You may have heard of the replication crisis. It mostly refers to studies in the social sciences that get a lot of media attention when they're first published but then fail to produce the same results when other researchers try to replicate them. The reason it's become a crisis is that a lot of studies fail to replicate, calling into question the whole enterprise of the social sciences.
But one problem with this is that it's hard to replicate a study. Small things can make a big difference sometimes, and doing a precise replication isn't always easy. A recent paper shows this pretty dramatically. First off, here's what the researchers were trying to replicate:
The study was published in 2021 and investigated an association of glucagon-like peptide 1 receptor agonists (GLP-1RA) and chronic lower respiratory disease (CLRD) exacerbation in a population with type 2 diabetes mellitus (T2D) and CLRD.
This is no dashed-off social science experiment. This is a big and very serious medical study with very specific methods and goals. What's more, the researchers weren't trying to replicate the whole thing.
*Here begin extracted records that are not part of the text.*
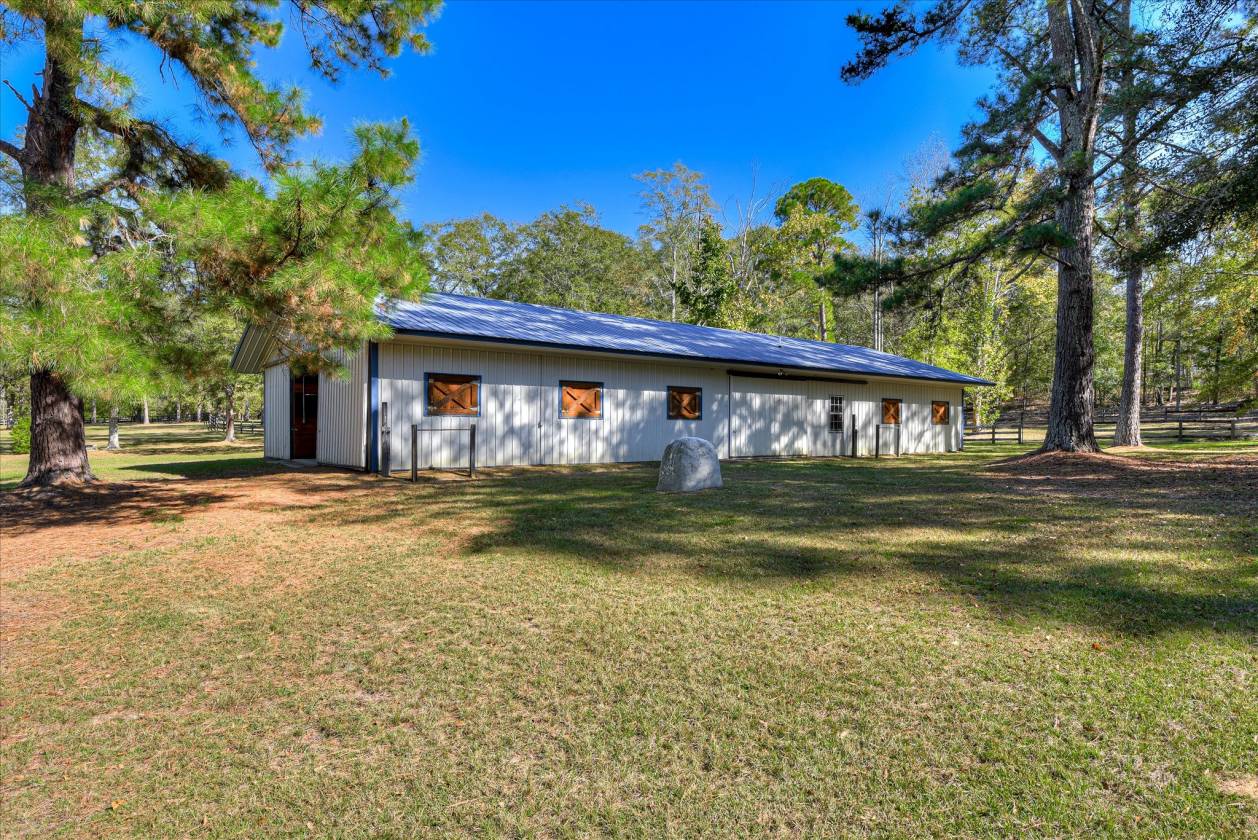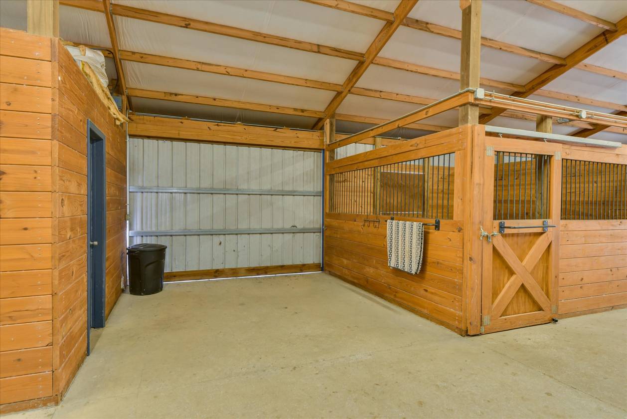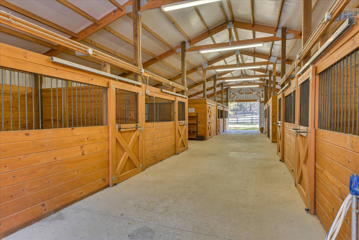 - well designed 10 stall barn with dutch windows 12 x 12 stalls, four sliding doors providing great ventilation. tack room with washer/dryer hook up, feed/junk stall, and full bath
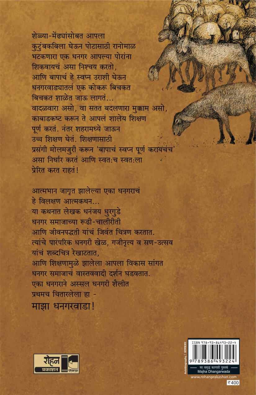 शेळ्या-मेंढ्यांसोबत आपला कुटुंबकबिला घेऊन पोटासाठी रानोमाळ भटकणारा एक धनगर आपल्या पोरांना शिकवायचं असा निश्चय करतो, आणि बापाचं हे स्वप्न उराशी घेऊन धनगरवाड्यातलं एक कोकरू बिचकत बिचकत शाळेत जाऊ लागतं... वादळवारा असो, वा सतत बदलणारा मुक्काम असो, काबाडकष्ट करून ते आपलं शालेय शिक्षण पूर्ण करतं. नंतर शहरामध्ये जाऊन उच्च शिक्षण घेतं. शिक्षणासाठी प्रसंगी मोलमजुरी करून ‘बापाचं स्वप्न पूर्ण करायचंच’ असा निर्धार करतं आणि स्वत:च स्वत:ला प्रेरित करत राहतं! आत्मभान जागृत झालेल्या एका धनगराचं हे विलक्षण आत्मकथन... या कथनात लेखक धनंजय धुरगुडे धनगर समाजाच्या रूढी-चालीरीती आणि जीवनपद्धती यांचं जिवंत चित्रण करतात. त्यांचे पारंपरिक धनगरी खेळ, गजीनृत्य व सण-उत्सव यांचं शब्दचित्र रेखाटतात, आणि शिक्षणामुळे झालेला आपला विकास सांगत धनगर समाजाचं वास्तववादी दर्शन घडवतात. एका धनगराने अस्सल धनगरी शैलीत प्रथमच चितारलेला हा – माझा धनगरवाडा!
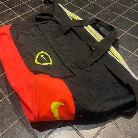 Liten og nett Umbro sportsbag. Har 2 stk, en grå og en svart. Laget i slitesterkt materiale med logo på siden. Passer til oppbevaring av sportsutstyr eller som en praktisk bag til hverdagsbruk. Fint til en som skal starte på håndball. Pris 250kr per stk.
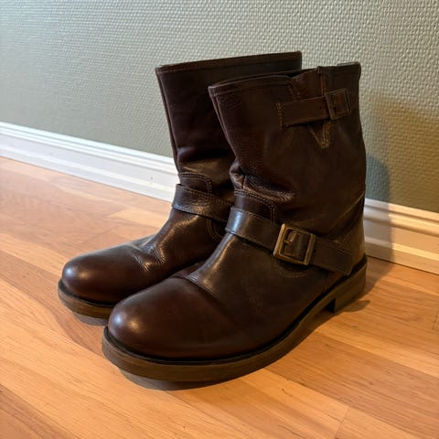 støvler i størrelse 43. Modellen er en ankelhøy snørestøvel i brun semsket skinn. Skoene har lisser foran og en kraftigere yttersåle. Passer til bruk i hverdagen eller til mer pene anledninger der man ønsker en enkel og nøytral skinnstøvel.
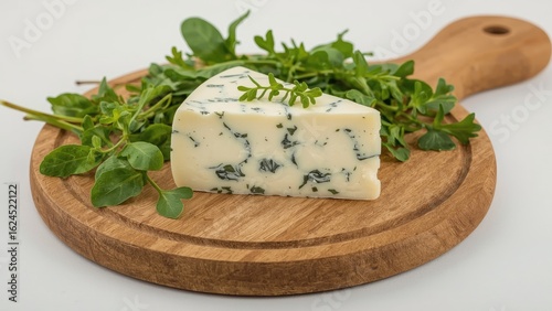 Savory blue cheese accompanied by oregano and crisp salad greens

They were only trying to replicate one little part: deciding which patients to include in the study. Here are the criteria:
New users of GLP1-RA add-on therapy aged more than 17 years with at least 1 outpatient or 2 inpatient encounters with T2D and CLRD in the year before the index date with no prior insulin or dipeptidyl peptidase 4 inhibitors exposure and no prior type 1 diabetes mellitus, cystic fibrosis, lung cancer, pulmonary embolism, pulmonary hypertension, conditions requiring chronic systemic corticosteroid therapy within a year or pregnancy at the index date.
Got that? The researchers gathered together nine teams of qualified experts whose only task was to slice and dice a database to come up with a cohort of patients who met the inclusion criteria. The results were dismal. Interpretations of what the criteria meant were all over the map and none of the nine teams came close to matching the cohort from the original study. They couldn't even come close to agreeing on how many people were in the cohort:
The green bars represent patients chosen by both the original study and the team of replicators. The largest overlap is only 35%. The number of people chosen for the study ranges chaotically from 2,000 to 64,000. Every team deviated from the inclusion criteria in the original study in at least four different ways.
So replication is no walk in the park, even in the hard sciences where the procedures are presumably more concrete. But if replication is this hard, what chance do we have of properly replicating anything?